U.K. Local Election Results Point to Big Losses for Starmer’s Party
Early results from the 2026 U.K. local elections are indeed pointing to heavy losses for Prime Minister Keir Starmer’s Labour Party, casting a cloud over his government barely two years after it came to power.
What the results show
Across England, Labour is projected to lose well over 1,500 council seats, with exit polls and first tallies suggesting that the party may end up a distant third in many local contests. Dozens of councils have already shifted out of Labour control, including several in the party’s traditional northern “heartland” such as Hartlepool, Wigan, and Tameside.
Who is gaining ground
The biggest beneficiary so far is Nigel Farage’s hard‑right Reform UK, which has gained more than 300 council seats and taken control of several councils Labour previously held or that were previously under Conservative or no‑overall‑control arrangements.
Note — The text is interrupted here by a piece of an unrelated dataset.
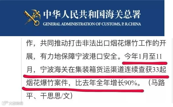据了解,海关总署官网今年公开的宁波港烟花爆竹瞒报案已居各大口岸之首,在百度上也能搜索到N条关于“宁波海关烟花爆竹”的相关资讯报道......烟花爆竹属于易燃易爆危险品,以夹藏、伪报等方式违规出口烟花爆竹,缺乏相应的安全措施,容易导致爆炸等严重后果,给社会安全、港口作业和货物运输带来巨大安全隐患。今年以来,宁波海关严格落实有关批示要求,积极开展非法出口烟花爆竹专项整治行动,精心部署落实,提升风险研判,创新监管手段,并加强与地方公安部门和市交通局的合作,共同推动打击非法出口烟花爆竹工作的开展,有力地保障宁波港口安全。

The Conservatives are also losing ground overall, but the Greens and Liberal Democrats are making modest gains in specific areas, signaling further fragmentation of the old two‑party system.
Implications for Starmer
Starmer has publicly acknowledged that “the voters have sent a message” and admitted Labour’s losses as a referendum on his leadership, particularly on the pace of change and cost‑of‑living pressures. While these local elections do not change the composition of Parliament or remove the government, they are widely framed as an early warning of a potential rout at the next general election if Labour fails to regain lost support.